Goal of the exercise => Quote exactly, and only, the lines of the material below from the line with "地獄は、CyberAgent Legitの中心的メンバーでありながら、LDHの10人組ダンス&ボーカルグループTHE JET" through the line with "Internamente, contempla duas".

Provided data =>
%%

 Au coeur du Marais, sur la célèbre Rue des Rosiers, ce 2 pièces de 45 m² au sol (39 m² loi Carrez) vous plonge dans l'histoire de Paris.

%%
%%

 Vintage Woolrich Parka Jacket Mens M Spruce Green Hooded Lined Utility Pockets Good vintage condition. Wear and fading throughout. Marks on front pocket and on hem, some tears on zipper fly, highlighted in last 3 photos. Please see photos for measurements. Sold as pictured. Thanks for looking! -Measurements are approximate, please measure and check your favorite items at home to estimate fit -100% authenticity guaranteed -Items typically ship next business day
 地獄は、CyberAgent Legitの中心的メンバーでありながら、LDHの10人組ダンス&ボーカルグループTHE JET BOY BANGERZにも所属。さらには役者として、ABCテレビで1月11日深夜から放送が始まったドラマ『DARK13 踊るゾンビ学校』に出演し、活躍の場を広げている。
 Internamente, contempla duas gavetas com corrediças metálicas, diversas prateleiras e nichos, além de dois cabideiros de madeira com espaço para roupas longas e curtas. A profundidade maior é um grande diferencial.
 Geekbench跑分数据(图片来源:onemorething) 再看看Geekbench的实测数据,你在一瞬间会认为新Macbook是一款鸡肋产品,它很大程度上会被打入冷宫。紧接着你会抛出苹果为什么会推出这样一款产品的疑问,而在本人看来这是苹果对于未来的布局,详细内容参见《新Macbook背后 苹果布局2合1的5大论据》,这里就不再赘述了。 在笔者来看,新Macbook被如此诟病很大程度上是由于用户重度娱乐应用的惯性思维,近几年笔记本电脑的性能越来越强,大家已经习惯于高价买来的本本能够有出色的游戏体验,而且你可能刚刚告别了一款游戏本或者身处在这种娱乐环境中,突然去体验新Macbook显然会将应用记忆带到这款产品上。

%%
%%

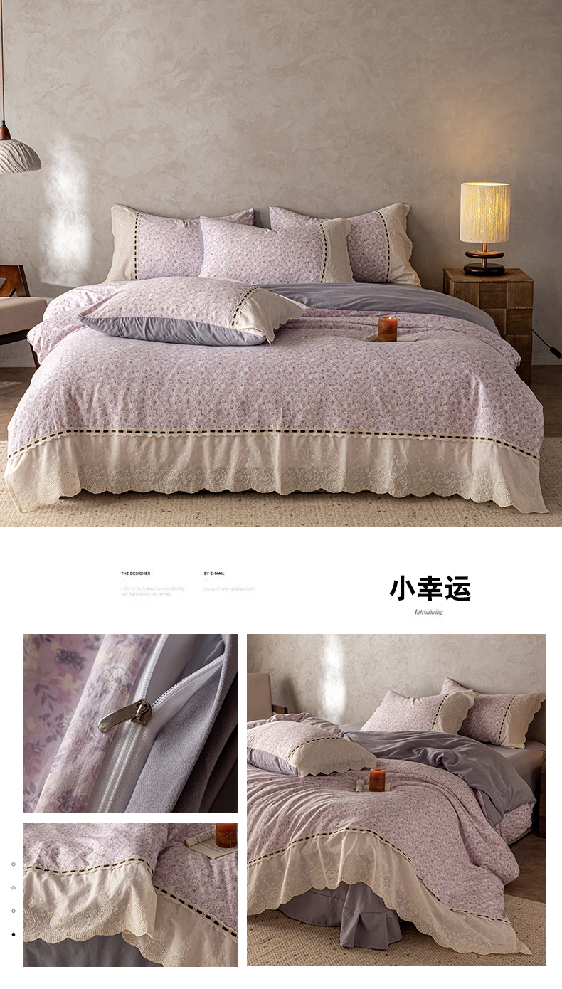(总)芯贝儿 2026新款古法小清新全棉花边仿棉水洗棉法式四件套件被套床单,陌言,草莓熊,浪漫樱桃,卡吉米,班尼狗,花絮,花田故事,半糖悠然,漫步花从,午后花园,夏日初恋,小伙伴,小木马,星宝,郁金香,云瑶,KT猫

%%

Task result =>
 地獄は、CyberAgent Legitの中心的メンバーでありながら、LDHの10人組ダンス&ボーカルグループTHE JET BOY BANGERZにも所属。さらには役者として、ABCテレビで1月11日深夜から放送が始まったドラマ『DARK13 踊るゾンビ学校』に出演し、活躍の場を広げている。
 Internamente, contempla duas gavetas com corrediças metálicas, diversas prateleiras e nichos, além de dois cabideiros de madeira com espaço para roupas longas e curtas. A profundidade maior é um grande diferencial.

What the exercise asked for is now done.